=== Given data ===

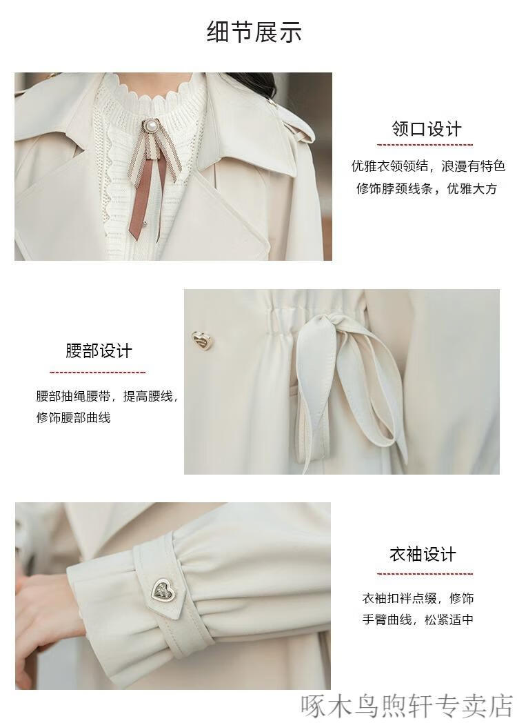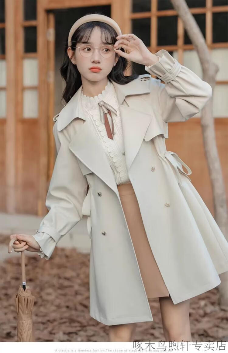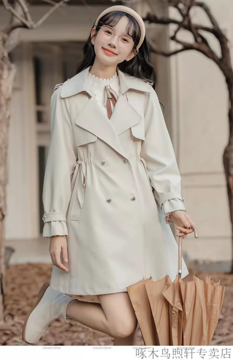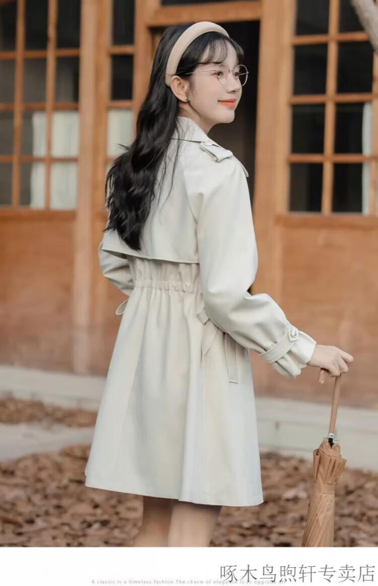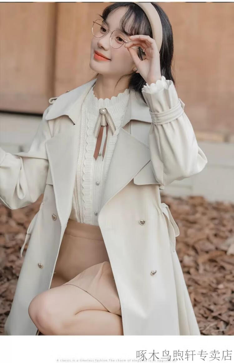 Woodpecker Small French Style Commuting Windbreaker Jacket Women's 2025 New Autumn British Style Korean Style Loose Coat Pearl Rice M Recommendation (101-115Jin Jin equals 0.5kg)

===
=== Given data ===

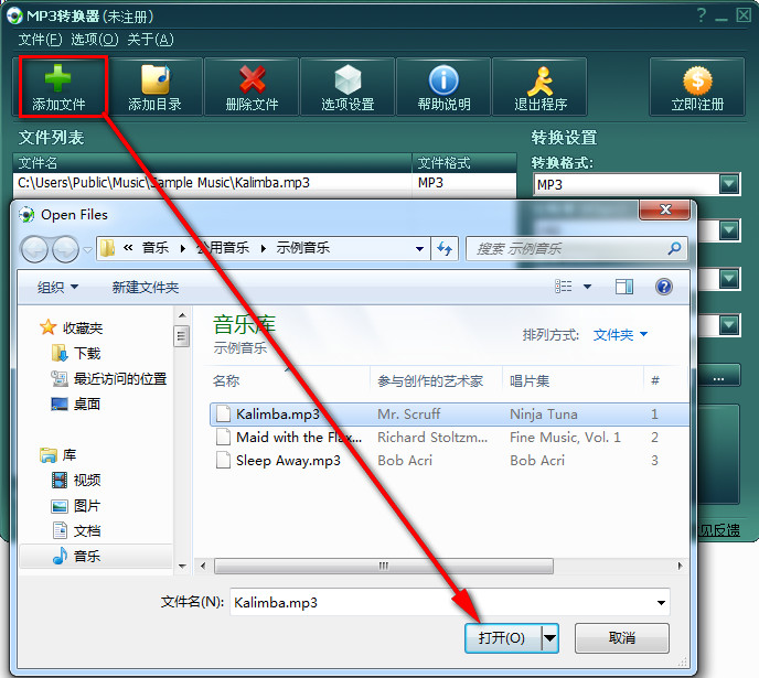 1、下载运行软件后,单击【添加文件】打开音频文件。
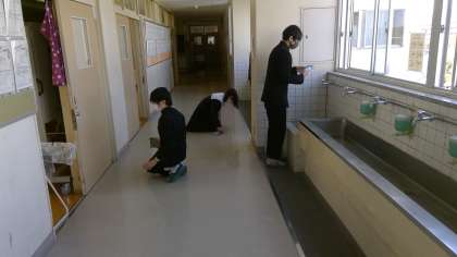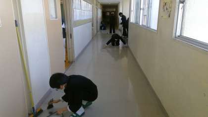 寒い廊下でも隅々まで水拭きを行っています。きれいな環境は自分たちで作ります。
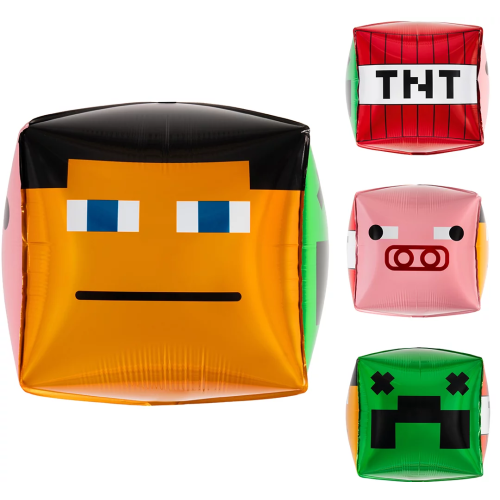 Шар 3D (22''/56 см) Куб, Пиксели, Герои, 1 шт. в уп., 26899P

===
=== Given data ===

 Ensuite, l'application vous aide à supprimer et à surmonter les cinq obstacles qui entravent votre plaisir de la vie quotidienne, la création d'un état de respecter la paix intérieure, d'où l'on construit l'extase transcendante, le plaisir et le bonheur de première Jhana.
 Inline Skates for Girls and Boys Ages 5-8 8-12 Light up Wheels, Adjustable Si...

===

* _Problem to work on_
Copy word for word the lines of the records above from the one with "1、下载运行软件后,单击【添加文件】打开音频文件。" up to and including the one with "Шар 3D (22''/56". Skip the pictures.

* _Solution to this problem_
 1、下载运行软件后,单击【添加文件】打开音频文件。
 寒い廊下でも隅々まで水拭きを行っています。きれいな環境は自分たちで作ります。
 Шар 3D (22''/56 см) Куб, Пиксели, Герои, 1 шт. в уп., 26899P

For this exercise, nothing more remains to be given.